:: Work order ::
Transcribe the records exactly. Pictures do not belong in the transcription.

Stored items
|---|

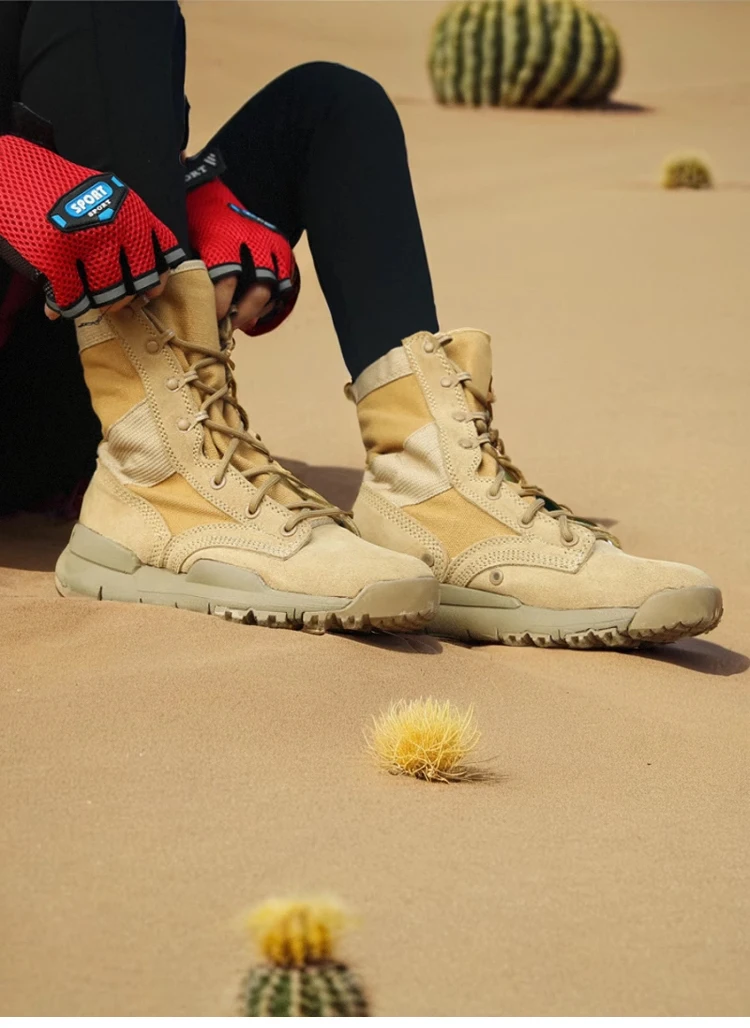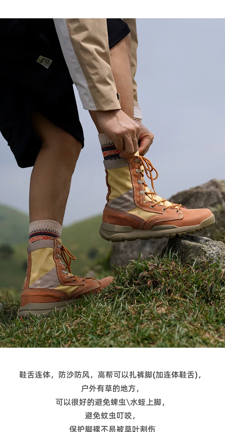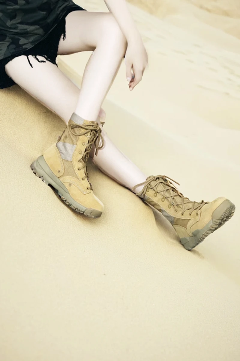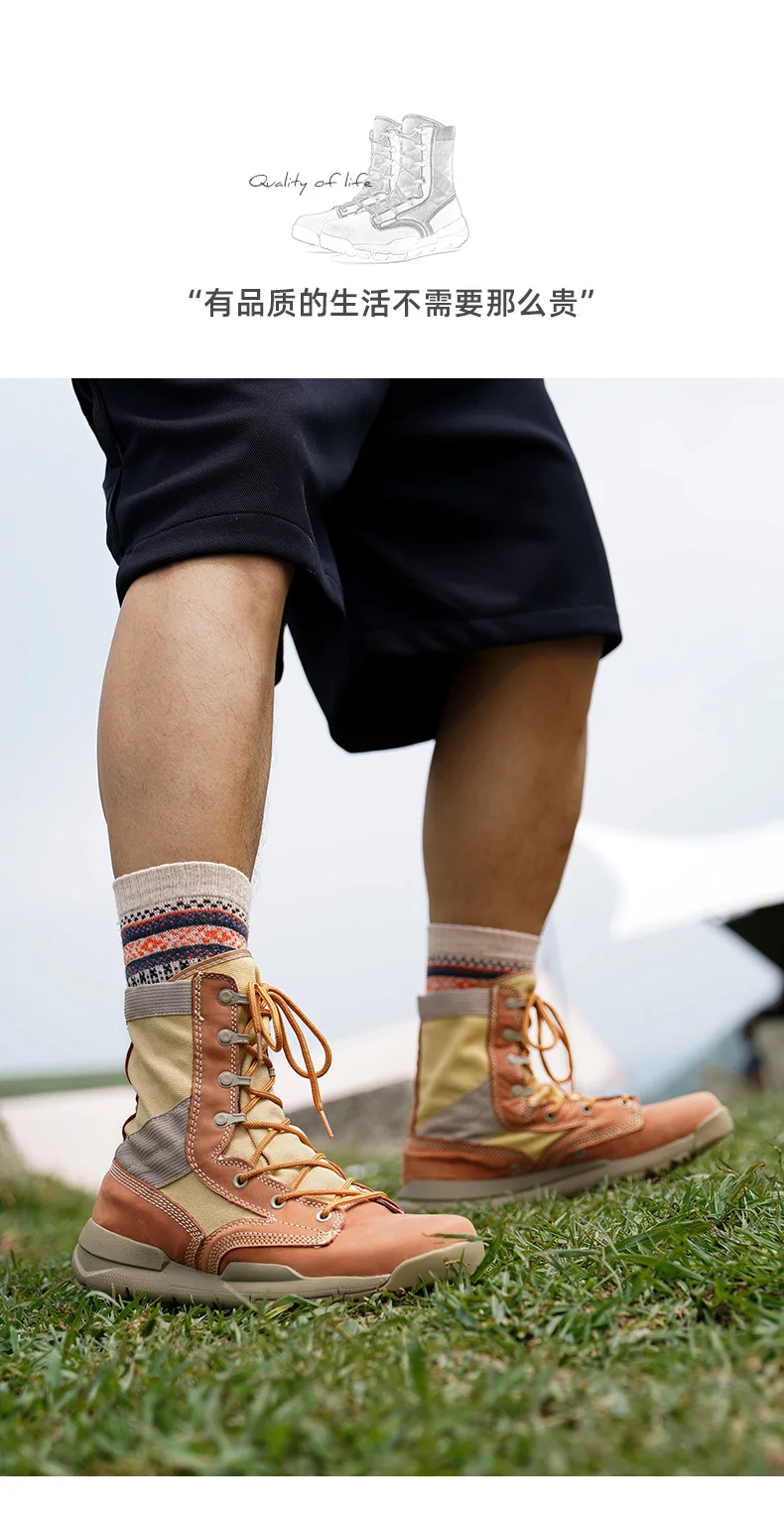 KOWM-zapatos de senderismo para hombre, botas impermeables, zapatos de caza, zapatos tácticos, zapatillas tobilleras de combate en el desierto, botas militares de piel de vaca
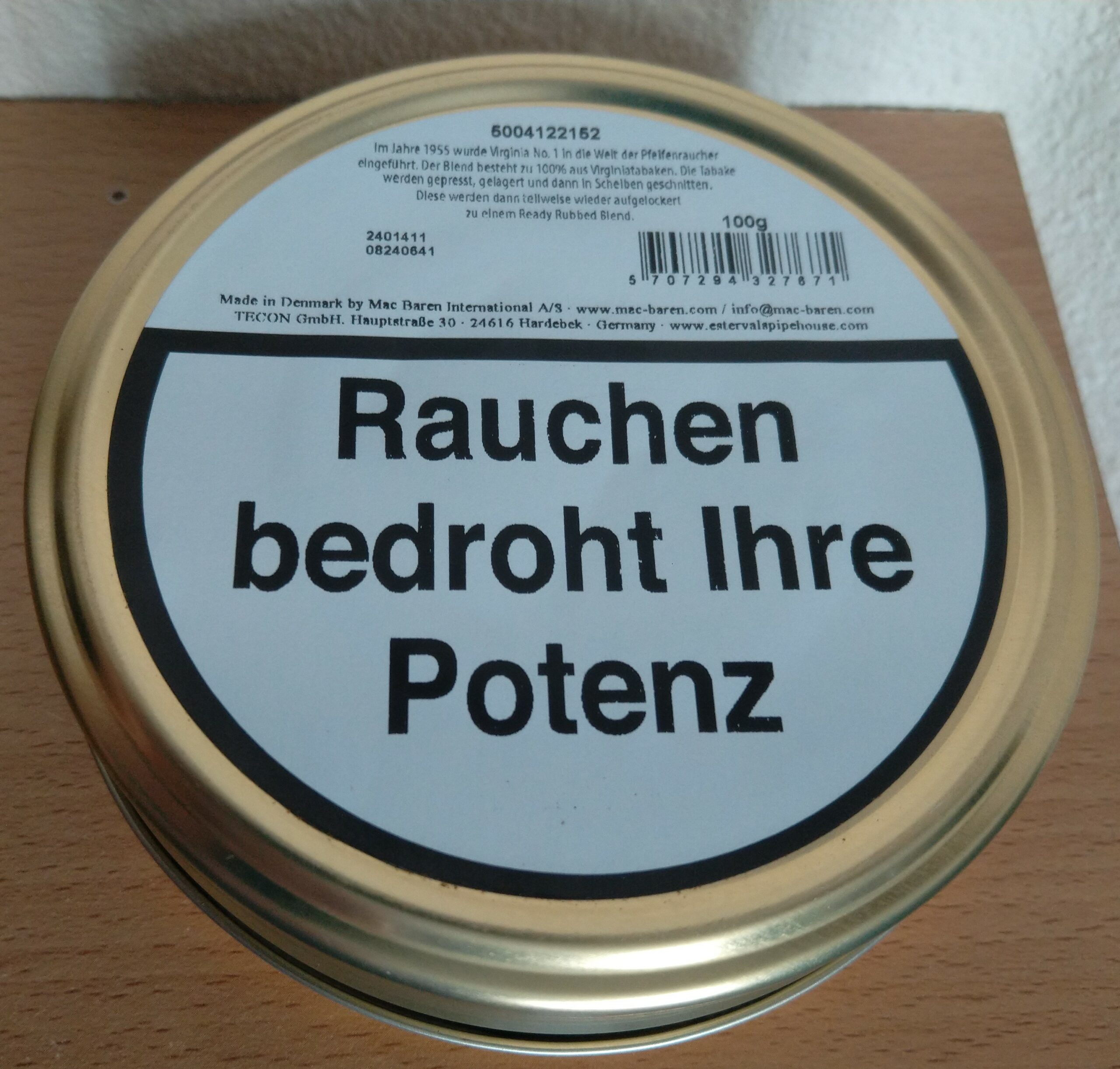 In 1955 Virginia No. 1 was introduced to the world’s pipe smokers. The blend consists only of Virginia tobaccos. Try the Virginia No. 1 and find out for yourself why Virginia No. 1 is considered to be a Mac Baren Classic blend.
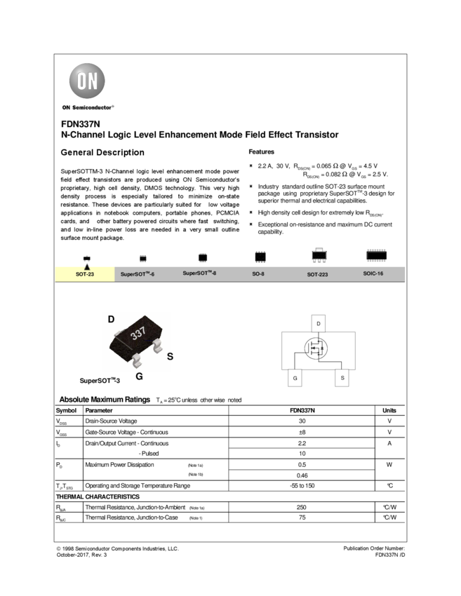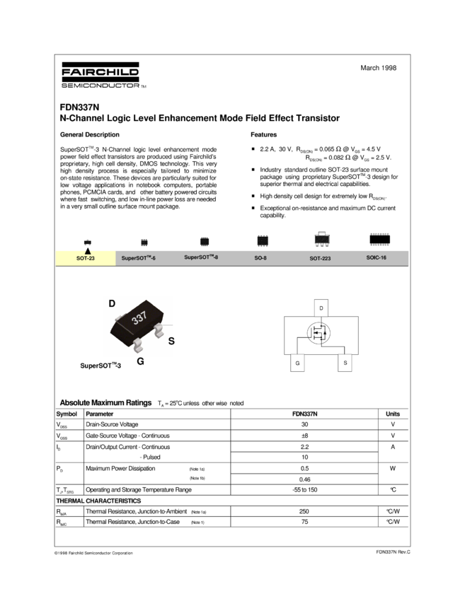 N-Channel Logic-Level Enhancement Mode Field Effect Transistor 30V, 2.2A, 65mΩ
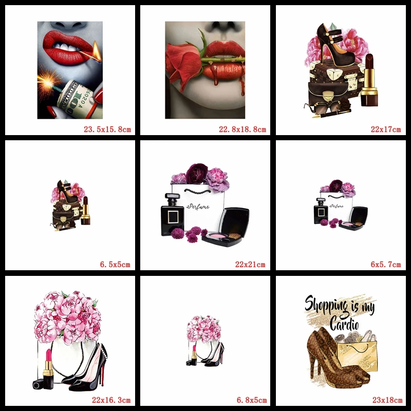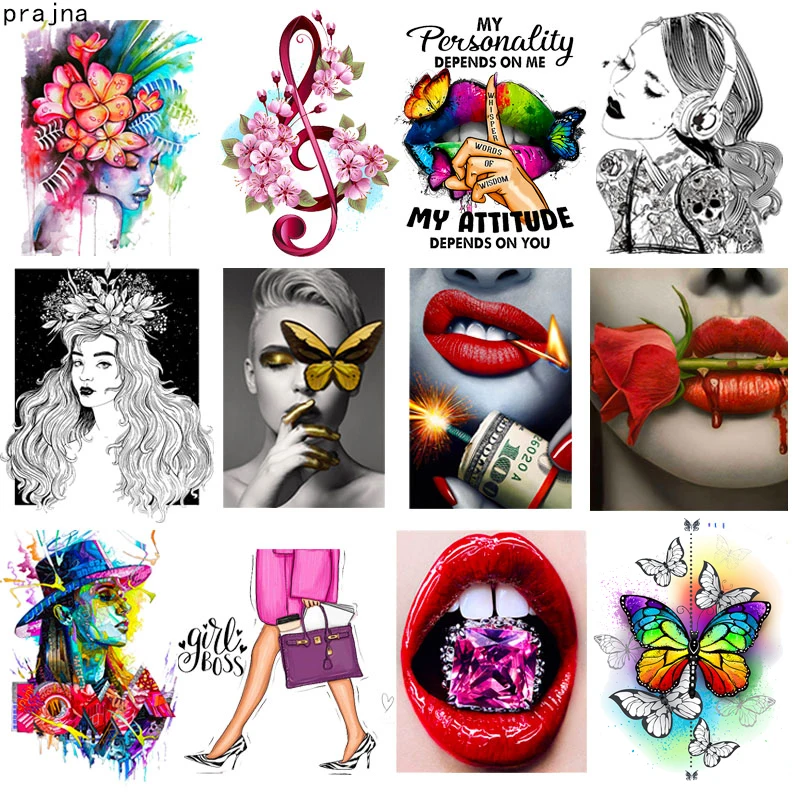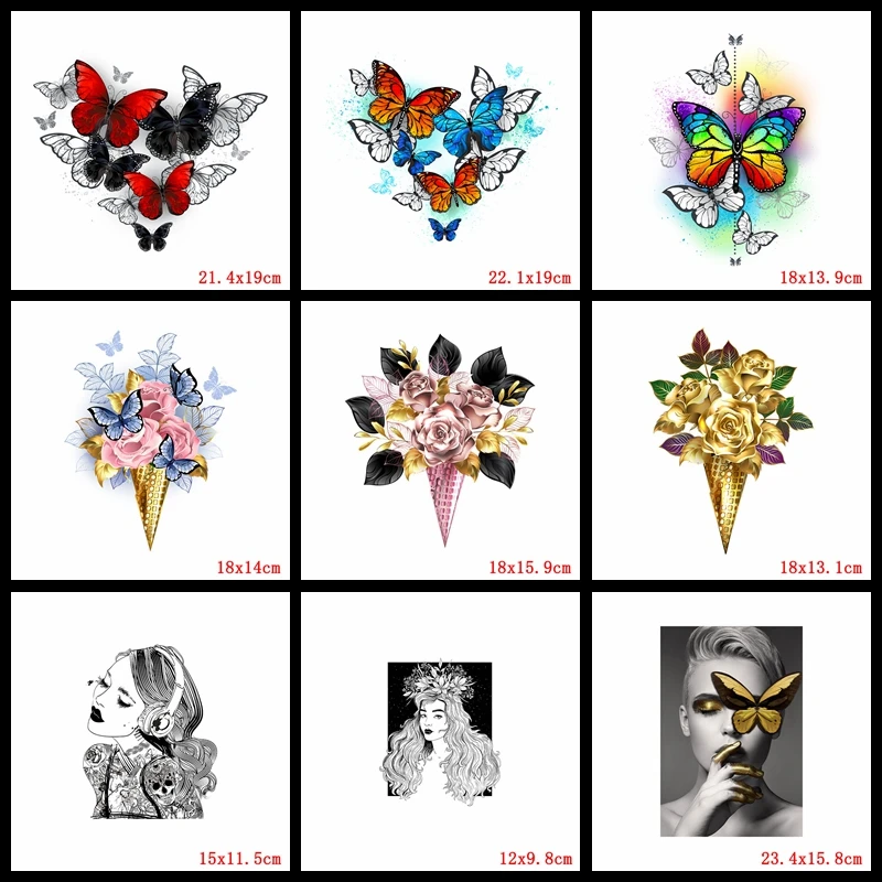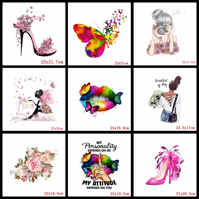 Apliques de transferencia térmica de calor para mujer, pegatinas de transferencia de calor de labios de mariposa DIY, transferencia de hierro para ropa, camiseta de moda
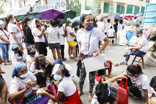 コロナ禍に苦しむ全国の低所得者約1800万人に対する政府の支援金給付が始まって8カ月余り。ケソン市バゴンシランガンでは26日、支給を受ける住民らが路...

|---|

:: Result of the task ::
 KOWM-zapatos de senderismo para hombre, botas impermeables, zapatos de caza, zapatos tácticos, zapatillas tobilleras de combate en el desierto, botas militares de piel de vaca
 In 1955 Virginia No. 1 was introduced to the world’s pipe smokers. The blend consists only of Virginia tobaccos. Try the Virginia No. 1 and find out for yourself why Virginia No. 1 is considered to be a Mac Baren Classic blend.
 N-Channel Logic-Level Enhancement Mode Field Effect Transistor 30V, 2.2A, 65mΩ
 Apliques de transferencia térmica de calor para mujer, pegatinas de transferencia de calor de labios de mariposa DIY, transferencia de hierro para ropa, camiseta de moda
 コロナ禍に苦しむ全国の低所得者約1800万人に対する政府の支援金給付が始まって8カ月余り。ケソン市バゴンシランガンでは26日、支給を受ける住民らが路...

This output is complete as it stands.